EXERCISE REQUIREMENTS
Output a character-exact copy of the data, images removed.

RECORDS FOR PROCESSING START

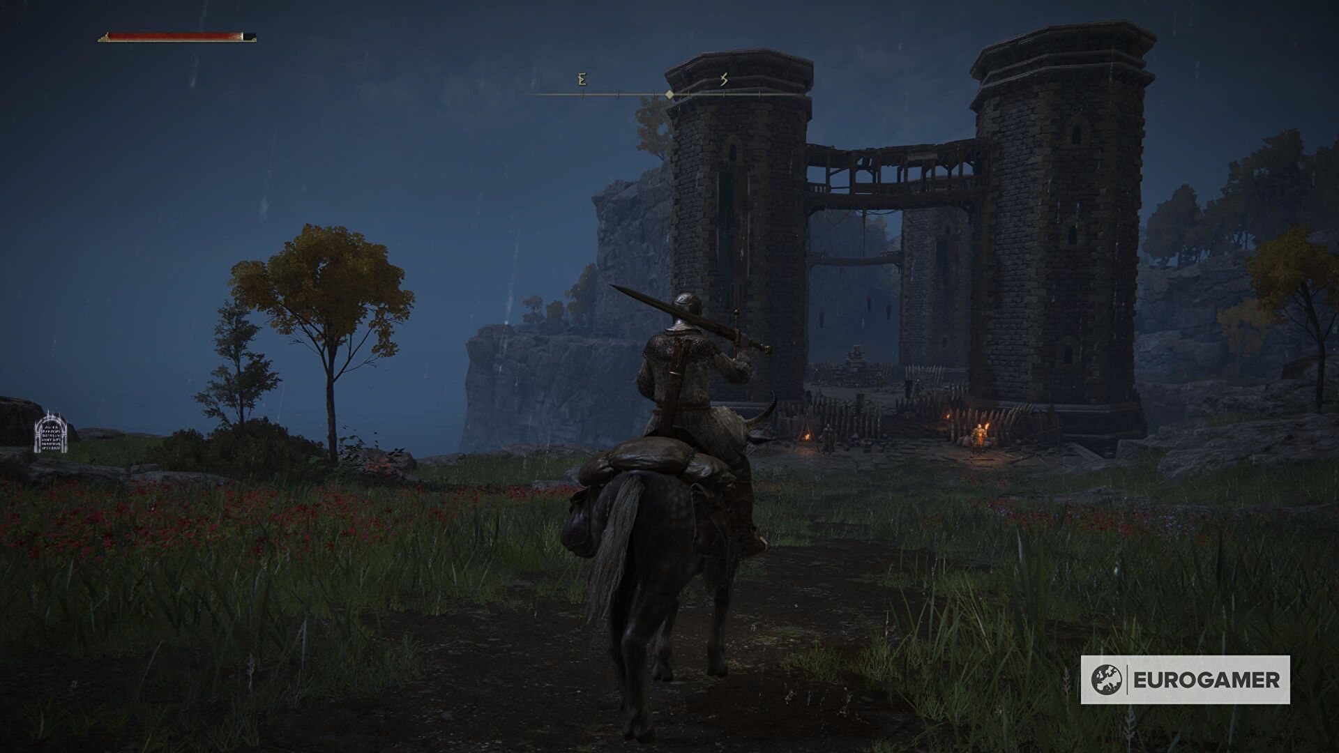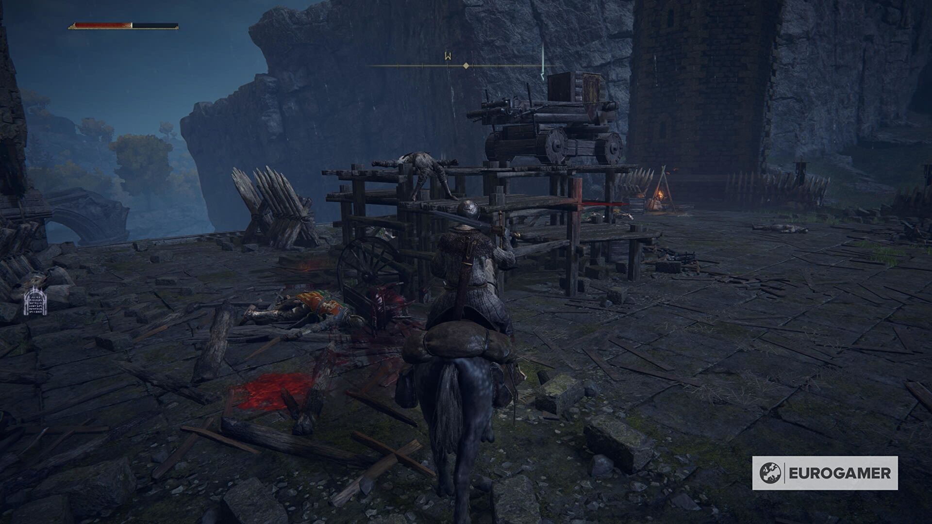 Het pad naar de Bridge of Sacrifice is duidelijk; rijd met Torrent in zuidelijke richting van de vorige Site of Grace en je ziet al snel de brug verschijnen. De brug is sterk verdedigd en op het einde van de brug staat er een soldaat met een ballista. Deze zal je beginnen beschieten zodra hij je ziet.
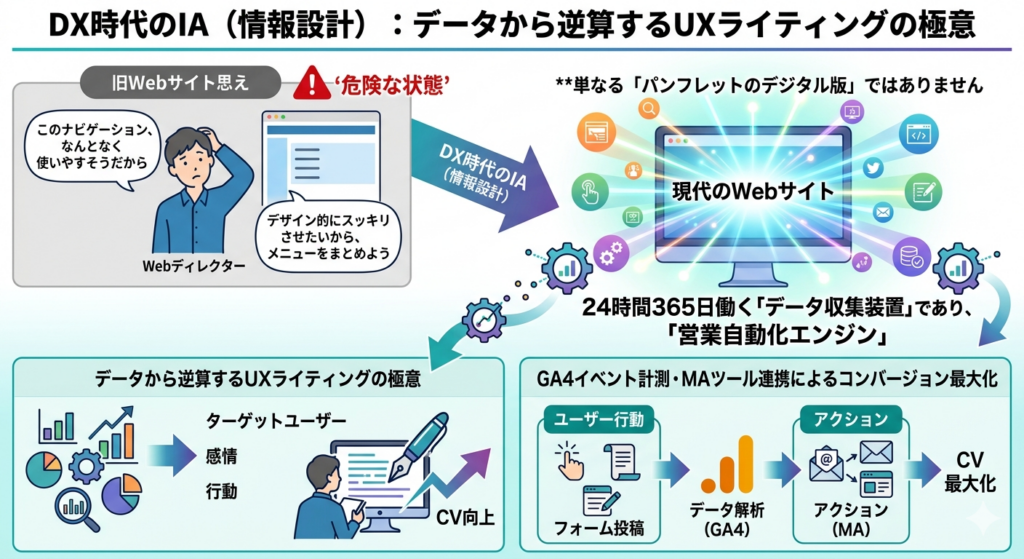 現代のWebサイトは、単なる「パンフレットのデジタル版」ではありません。**24時間365日働く「データ収集装置」であり、「営業自動化エンジン」**です。本記事では、GA4のイベント計測やMAツールとの連携を前提とした、コンバージョンを最大化させるための実戦的IA手法を解説します。
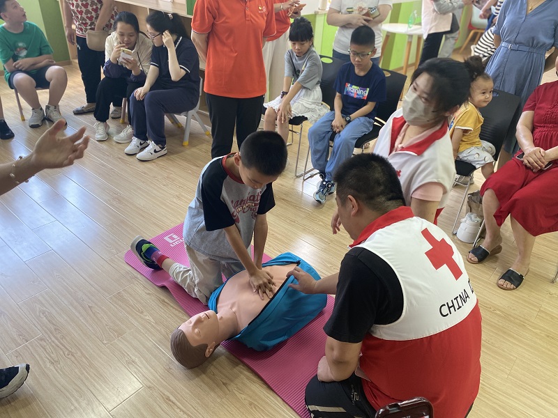 活动现场,红十字志愿者首先向大家详细讲解了心肺复苏、海姆立克法等急救知识和技能,接着在理论的基础上进行了心肺复苏的实操演示,让在场青少年都更加直观地了解和掌握到基本操作要领。教学过后,青少年踊跃报名,纷纷加入到模拟实操当中。
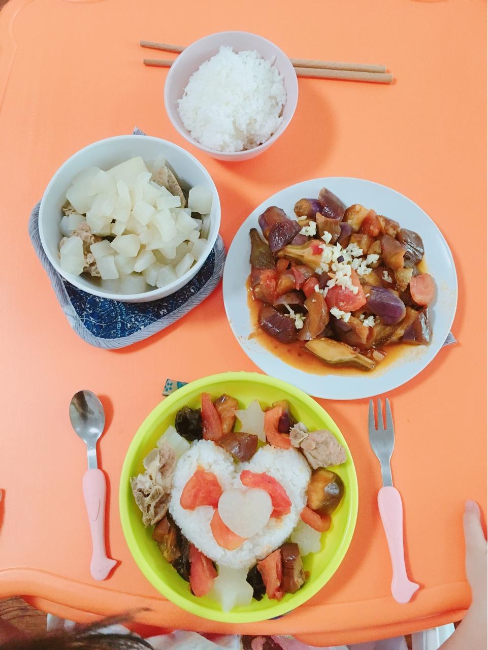 majyo 做过 晚餐•2017年9月1日 今天有点早╮( ̄▽ ̄"")╭萝卜~“埋”排骨+番茄炒茄子(−_−;)对于茄子…想做漂亮真的好难…又不想油炸… #晚餐•2017年9月1日##怪兽的怪兽的# 2017-09-01
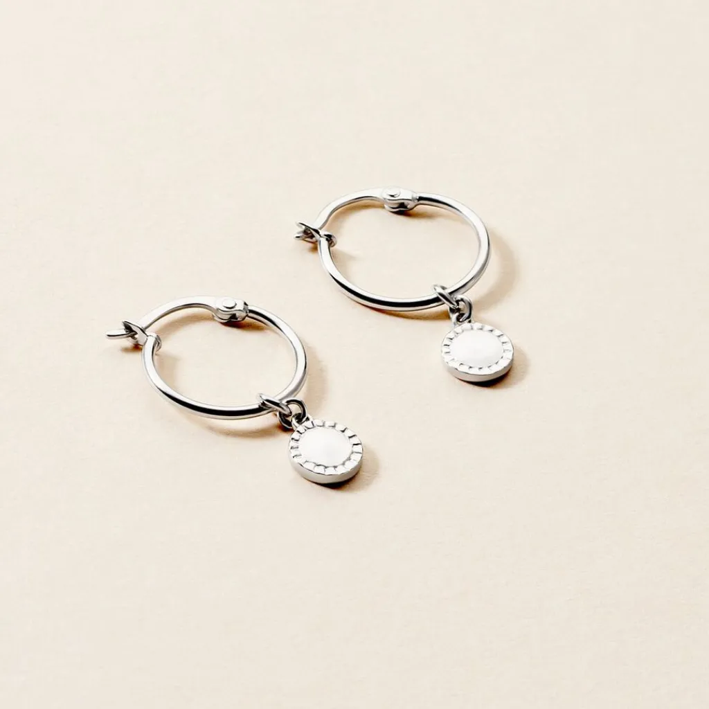 Créoles Argent Blanc 925/1000 Pastilles Effet Perle Diametre 13mm
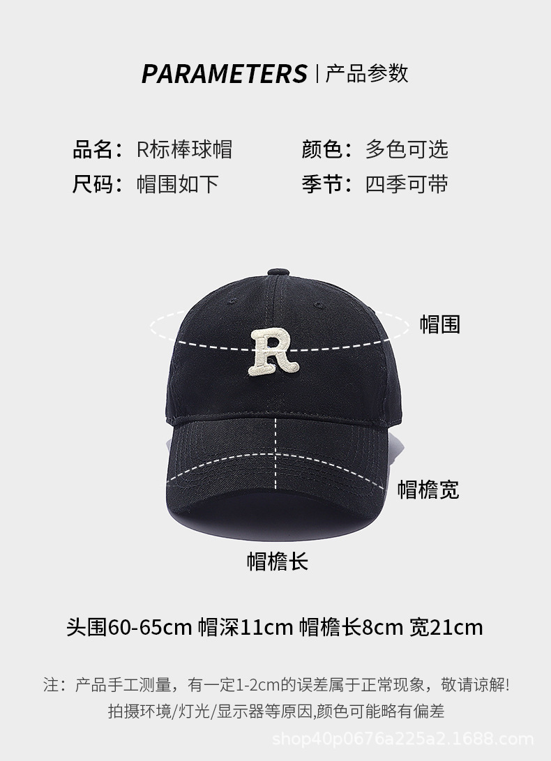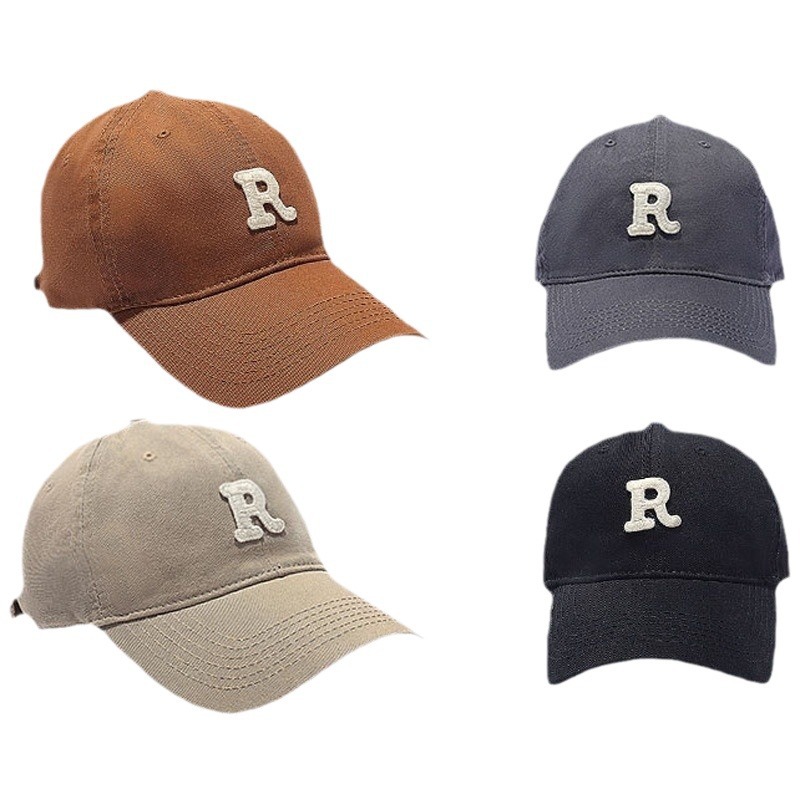 R标字母棒球帽女日系百搭显瘦显脸小韩版鸭舌帽男运动防晒遮阳帽

RECORDS FOR PROCESSING END

ANSWER BOX
 Het pad naar de Bridge of Sacrifice is duidelijk; rijd met Torrent in zuidelijke richting van de vorige Site of Grace en je ziet al snel de brug verschijnen. De brug is sterk verdedigd en op het einde van de brug staat er een soldaat met een ballista. Deze zal je beginnen beschieten zodra hij je ziet.
 現代のWebサイトは、単なる「パンフレットのデジタル版」ではありません。**24時間365日働く「データ収集装置」であり、「営業自動化エンジン」**です。本記事では、GA4のイベント計測やMAツールとの連携を前提とした、コンバージョンを最大化させるための実戦的IA手法を解説します。
 活动现场,红十字志愿者首先向大家详细讲解了心肺复苏、海姆立克法等急救知识和技能,接着在理论的基础上进行了心肺复苏的实操演示,让在场青少年都更加直观地了解和掌握到基本操作要领。教学过后,青少年踊跃报名,纷纷加入到模拟实操当中。
 majyo 做过 晚餐•2017年9月1日 今天有点早╮( ̄▽ ̄"")╭萝卜~“埋”排骨+番茄炒茄子(−_−;)对于茄子…想做漂亮真的好难…又不想油炸… #晚餐•2017年9月1日##怪兽的怪兽的# 2017-09-01
 Créoles Argent Blanc 925/1000 Pastilles Effet Perle Diametre 13mm
 R标字母棒球帽女日系百搭显瘦显脸小韩版鸭舌帽男运动防晒遮阳帽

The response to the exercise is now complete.